The problem with that approach- you get to hear one side of the story. You get a single pro and cons list that tries to oversimply a relatively complex decision. The result is that people are often confused about practically using microservices in their system architecture. Most software architects I have met are either still figuring out the sweet spot (a pragmatic mental model) or following some old books or articles (which they strongly believe to be correct). But in most cases, people forget the first question they need to ask themselves - do we need a microservices-based architecture or not? This blog post will share my mental model (decision-making approach) when I face the same question. I have been writing code for production for over a decade. I have done numerous freelance consulting projects and designed systems that have served millions of users (with peak concurrency crossing 10 million+ Operations per second). Please think of this blog post as a summary of my experiential learning in this field. The idea behind this post is not to dictate or push "the right approach"!. But to give you a starting point of the thought process. The decision will always be highly subjective and contextual, and you will always need your mental models.

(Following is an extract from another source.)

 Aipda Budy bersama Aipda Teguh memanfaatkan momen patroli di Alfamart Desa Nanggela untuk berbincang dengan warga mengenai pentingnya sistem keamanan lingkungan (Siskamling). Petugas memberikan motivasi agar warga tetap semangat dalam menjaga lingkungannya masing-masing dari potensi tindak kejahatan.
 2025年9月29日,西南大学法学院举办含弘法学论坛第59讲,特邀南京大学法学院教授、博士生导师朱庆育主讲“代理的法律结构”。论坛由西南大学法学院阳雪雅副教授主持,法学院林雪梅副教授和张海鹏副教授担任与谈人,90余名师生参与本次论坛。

Crucial things to keep in mind
Before jumping into the decision-making approach for choosing between monoliths and microservices, I would like to highlight some significant truths that people often forget. There are three pillars involved whenever I have to make the above decision. Those three pillars are -
I realize that the above points make me sound more like a product manager than a developer. Still, when you are an engineering leader, you should balance product thinking and engineering thinking because your decisions can have long-term repercussions that can make or break an entire organization. Let me explain what these pillars are and what role they play.
Pillar number one - Product
- Define the product well - Defining what you are trying to build is essential to choosing between microservices and monoliths. As a developer/software architect, please understand that you are trying to solve a problem that isn't defined fully. I have seen numerous startups start writing code even when the product's scope is unclear. Never do that. Writing code is expensive!

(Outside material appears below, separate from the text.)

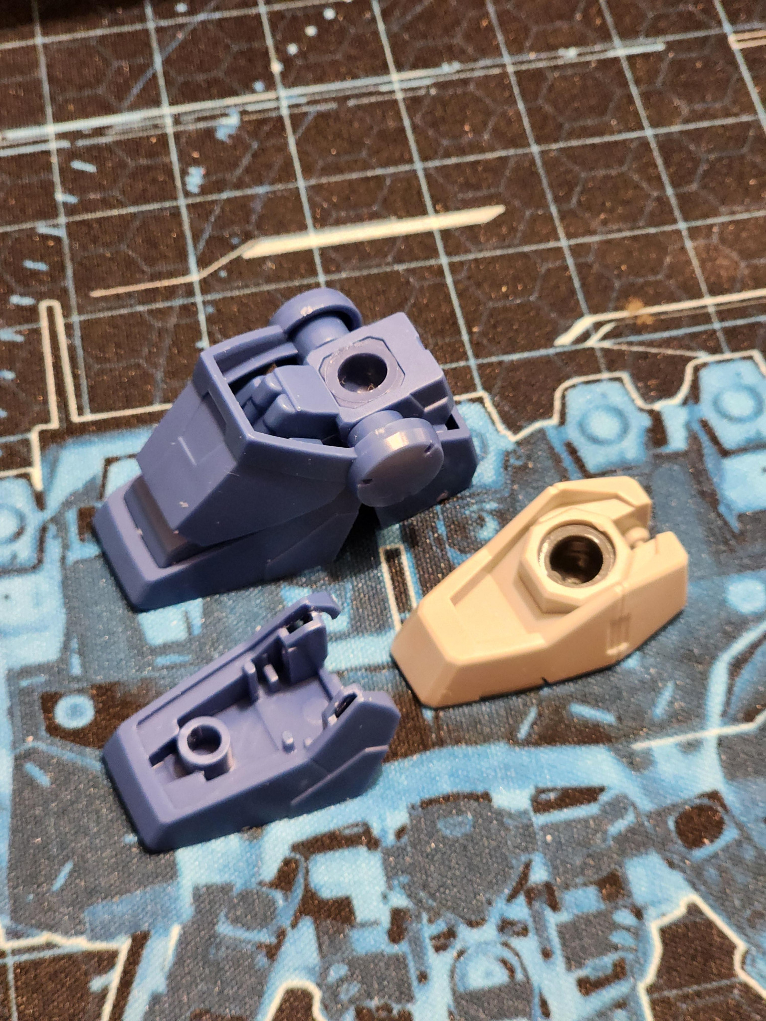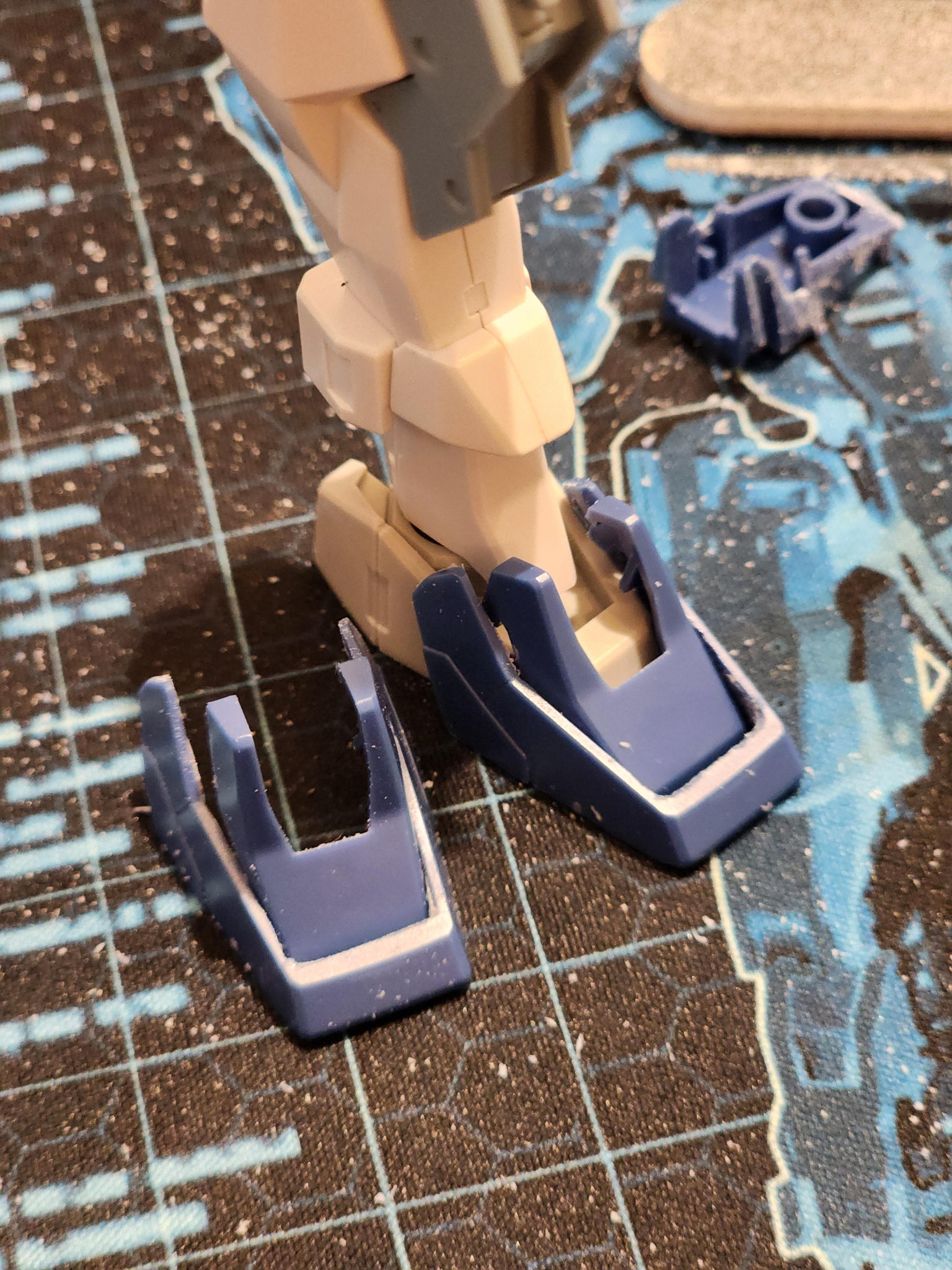 ブルーデスティニーのジャンク品から足をいくつか取り出し、外側の縁を削ってケルディムの足の前部に取り付けた。かなりフィット感が良い。

- Software is written to solve a problem. It shouldn't become a problem itself - This happens most of the time because of the people in the engineering team who are part of the decision-making process. Their biases toward a language/technology/architectural pattern tend to creep in and mess up what otherwise could have been a perfectly designed system. Use this X database, not Y. Use this A framework, not B, etc. I hate language X because of Y. Trying to unnecessary constraint yourself because of your biases will often result in chaos when your application needs to scale. So, try and rise above it and make decisions with only one thing in mind - The most optimal solution for the given problem.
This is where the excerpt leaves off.